The garage that Gogola himself crawled out of was in suburban Michigan, where he started The Obscure with boyhood chum Brian Wieck in late 1991, toward the end of their high school careers. "There's nothing else to do when it's cold as hell in Detroit," Gogola explains with a chuckle. Apparently, there was little else to do on hot days as well. After the band scattered to different colleges, they still reassembled over the summer to jam--Gogola on guitar and keyboards, Wieck on bass, and Dave Megyesi on drums. "By '96," Gogola recalls, "We started getting decent." Then Gogola completed his bachelor's degree in mechanical engineering from Michigan State, and he moved to Nashville to get his master's at Vanderbilt. Both Wieck and Megyesi said they'd follow Gogola to Nashville, but only Wieck obliged, arriving in 1998. Meanwhile, Gogola went from studying at Vanderbilt to working there, after he was offered a research position. "I get to dress like a grad student," Gogola says, "But I get paid a lot more." The band reformed with Danny Sloan on drums and Gogola's Vandy pal Doug Tewksbury adding more guitar, but they quickly found out how difficult it is to crack Nashville's rock scene. As Gogola explains, "It's hard to get a gig without a CD, and we're pretty lazy, and we don't look the rock-star type."

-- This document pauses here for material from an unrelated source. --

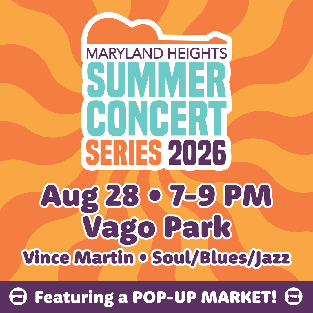 HomeEventsMaryland Heights Summer Concert Series + Pop-Up Market Maryland Heights Summer Concert Series + Pop-Up Market Friday, August 28, 2026 7:00 PM - 9:00 PM 7:00 PM - 9:00 PM See all dates and Times Vago Park Parking Deals Get a Ride LYFT UBER Add to Calendar 08/28/2026 07:00 PM 08/28/2026 09:00 PM America/Atikokan Maryland Heights Summer Concert Series + Pop-Up Market Live music is back in the Maryland Heights parks! All concerts are FREE and all ages are welcome. Performance By: Vince Martin (Soul/Blues/Jazz). Plus, shop the various vendors at our pop-up market from 5:30–8:30 p.m. Details & Tickets: https://www.upcomingevents.com/st-louis/events/vago-park/maryland-heights-summer-concert-series-pop-up-market-638461?ref=uceaddevent Vago Park, 2700 Fee Fee Road, Maryland Heights, MO, 63043 Set Reminder Categories Benefits Charity, Business & Networking, Business-Related, Fundraising & Charity, Indoor / Outdoor Event, Live Entertainment, Live Performance, Neighborhood, Performing Arts, Politics & Activism Live music is back in the Maryland Heights parks! All concerts are FREE and all ages are welcome. Performance By: Vince Martin (Soul/Blues/Jazz). Plus, shop the various vendors at our pop-up market from 5:30–8:30 p.m.

But what Gogola calls "the Vandy connection" allowed him to guarantee club
owners a respectable audience of college students, and The Obscure soon
managed to work up to playing roughly once a month at The End and
Springwater, and occasionally at The Boro. In fact, Gogola says, "The
Murfreesboro scene has kind of adopted us." And the Nashville crowds who
have caught their raucous stage show have been knocked out as well. "In
Detroit, we were like...oh, another band," Gogola says. "Here, there's not
enough people who want to be The Who or The MC5." But the heart of the band, Gogola acknowledges, lies in the practice spaces and studios where they were born. And The Politics of Person reflects that insularity--the EP has an intentionally raw sound and is peppered with wiggy sound effects. Part of the disc's special quality is due to producer Brian Carter. "He's analog boy," Gogola says. "Everything had to be going through a box of tubes. It made it sound dirtier. Two-inch tape, old mics, old amps...vintage '50s and '60s stuff." The rest of The Obscure sound is homegrown--the quirky twists in structure and tempo are what Gogola thinks defines the band. "We consider ourselves part of the Sesame Street generation. The band for your short attention span. Always gotta be changing. We have that ingrained in our minds. We're also trying to write a little differently, different than what we've heard before. First and foremost, I want to write a really catchy song. I want it to be everything--it needs to be dancier, it needs to be heavier, it needs to be more melodic." He takes a breath. "Sometimes I end up merging two things together. You never know what to expect. "I definitely prefer recording," Gogola concludes. "I want to record Dark Side of the Moon." At Vanderbilt, Gogola works in the development of robotic insects--both crawling bugs and flying bugs--for surveillance. "The main problem is power consumption," he explains. "They [don't] last long. We're looking at a more efficient, smaller machine." He then launches into a long, technical description of how power can be generated through vibrations across ceramic, which create a resonant frequency or some such. He comes back to earth when he talks about what amazes him about his work. "The glory of nature," he sighs. "It's so amazing what a fly can do. There's no way we can come close to mimicking anything about it." If there's any connection between Gogola's day job and his nighttime hobby, it may be his sense of inventiveness. But that connection may have to be severed temporarily if The Obscure continue their recent upward trajectory. Currently, the band is thriving while a man short--Tewksbury is abroad in Europe for the next few months, and when he returns, the reunited quartet will have to make some choices about whether they want to keep heading toward the light that's suddenly broken through on their meandering path.
"We've had this band for so long," Gogola admits. "[And] it always starts
and stops." He hesitates, then says, "I'd like to see how far I can take
it, but I don't want to take the pay cut that's involved."